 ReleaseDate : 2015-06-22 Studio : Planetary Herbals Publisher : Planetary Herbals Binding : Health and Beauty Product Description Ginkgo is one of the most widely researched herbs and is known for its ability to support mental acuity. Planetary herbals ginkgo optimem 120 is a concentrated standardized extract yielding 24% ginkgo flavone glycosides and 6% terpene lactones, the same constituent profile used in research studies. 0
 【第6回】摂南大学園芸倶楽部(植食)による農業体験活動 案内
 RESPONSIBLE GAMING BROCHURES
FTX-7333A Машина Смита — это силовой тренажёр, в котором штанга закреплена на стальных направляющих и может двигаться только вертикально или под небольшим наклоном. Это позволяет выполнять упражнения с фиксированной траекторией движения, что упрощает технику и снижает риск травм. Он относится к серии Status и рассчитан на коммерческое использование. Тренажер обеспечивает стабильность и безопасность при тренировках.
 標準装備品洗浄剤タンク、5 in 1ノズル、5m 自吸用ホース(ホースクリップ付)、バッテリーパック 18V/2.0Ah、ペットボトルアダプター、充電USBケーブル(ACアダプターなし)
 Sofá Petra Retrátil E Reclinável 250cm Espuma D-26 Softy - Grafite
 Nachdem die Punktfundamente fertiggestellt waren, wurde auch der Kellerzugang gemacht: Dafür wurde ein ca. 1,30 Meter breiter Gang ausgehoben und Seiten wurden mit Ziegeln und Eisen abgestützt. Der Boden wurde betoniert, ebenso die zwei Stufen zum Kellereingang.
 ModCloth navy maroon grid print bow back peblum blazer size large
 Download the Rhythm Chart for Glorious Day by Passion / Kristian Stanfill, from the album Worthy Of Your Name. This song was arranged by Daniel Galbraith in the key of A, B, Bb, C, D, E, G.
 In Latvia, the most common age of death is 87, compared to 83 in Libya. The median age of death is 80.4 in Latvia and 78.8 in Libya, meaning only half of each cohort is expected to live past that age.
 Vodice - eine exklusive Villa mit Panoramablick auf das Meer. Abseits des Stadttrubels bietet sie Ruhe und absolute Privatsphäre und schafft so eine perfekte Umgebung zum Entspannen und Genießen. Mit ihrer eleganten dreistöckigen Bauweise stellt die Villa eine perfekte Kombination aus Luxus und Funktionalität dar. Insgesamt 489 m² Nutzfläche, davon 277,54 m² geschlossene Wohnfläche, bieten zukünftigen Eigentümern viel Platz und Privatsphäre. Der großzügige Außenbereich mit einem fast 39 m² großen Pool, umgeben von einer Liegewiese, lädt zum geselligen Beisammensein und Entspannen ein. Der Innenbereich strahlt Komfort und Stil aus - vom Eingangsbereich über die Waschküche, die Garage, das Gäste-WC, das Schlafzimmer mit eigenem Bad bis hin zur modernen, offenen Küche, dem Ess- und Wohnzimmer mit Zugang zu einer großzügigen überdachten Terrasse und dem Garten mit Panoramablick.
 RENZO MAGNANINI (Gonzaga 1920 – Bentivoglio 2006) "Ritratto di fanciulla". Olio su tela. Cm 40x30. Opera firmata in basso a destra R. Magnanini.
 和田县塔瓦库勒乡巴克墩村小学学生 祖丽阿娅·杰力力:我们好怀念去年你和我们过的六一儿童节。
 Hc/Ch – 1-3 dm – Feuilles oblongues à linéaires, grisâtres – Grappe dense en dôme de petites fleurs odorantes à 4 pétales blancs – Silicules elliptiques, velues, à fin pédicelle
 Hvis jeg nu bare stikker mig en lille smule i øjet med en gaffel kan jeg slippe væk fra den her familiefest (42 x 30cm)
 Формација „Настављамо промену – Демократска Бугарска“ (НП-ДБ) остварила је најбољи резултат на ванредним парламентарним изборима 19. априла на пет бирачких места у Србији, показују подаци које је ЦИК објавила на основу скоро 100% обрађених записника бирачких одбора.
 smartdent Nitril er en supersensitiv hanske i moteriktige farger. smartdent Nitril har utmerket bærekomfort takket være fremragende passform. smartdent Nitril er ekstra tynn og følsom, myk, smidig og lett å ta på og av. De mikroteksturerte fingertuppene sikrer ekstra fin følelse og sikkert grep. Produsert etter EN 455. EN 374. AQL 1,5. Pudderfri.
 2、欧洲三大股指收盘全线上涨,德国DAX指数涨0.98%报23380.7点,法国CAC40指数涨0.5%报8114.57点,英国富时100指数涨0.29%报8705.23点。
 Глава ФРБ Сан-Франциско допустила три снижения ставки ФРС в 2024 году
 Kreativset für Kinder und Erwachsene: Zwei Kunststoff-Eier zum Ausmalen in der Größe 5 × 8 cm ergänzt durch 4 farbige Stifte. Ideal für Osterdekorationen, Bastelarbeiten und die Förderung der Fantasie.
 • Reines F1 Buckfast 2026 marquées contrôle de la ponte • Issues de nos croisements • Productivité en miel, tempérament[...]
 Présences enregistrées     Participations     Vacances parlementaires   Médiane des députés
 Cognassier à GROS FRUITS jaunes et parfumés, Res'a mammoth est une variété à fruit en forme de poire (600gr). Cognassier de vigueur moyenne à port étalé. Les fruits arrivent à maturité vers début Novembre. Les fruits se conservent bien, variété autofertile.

EXERCISE
In the listing above, how many of the lines include "most"? Give only the figure.

THE ANSWER
2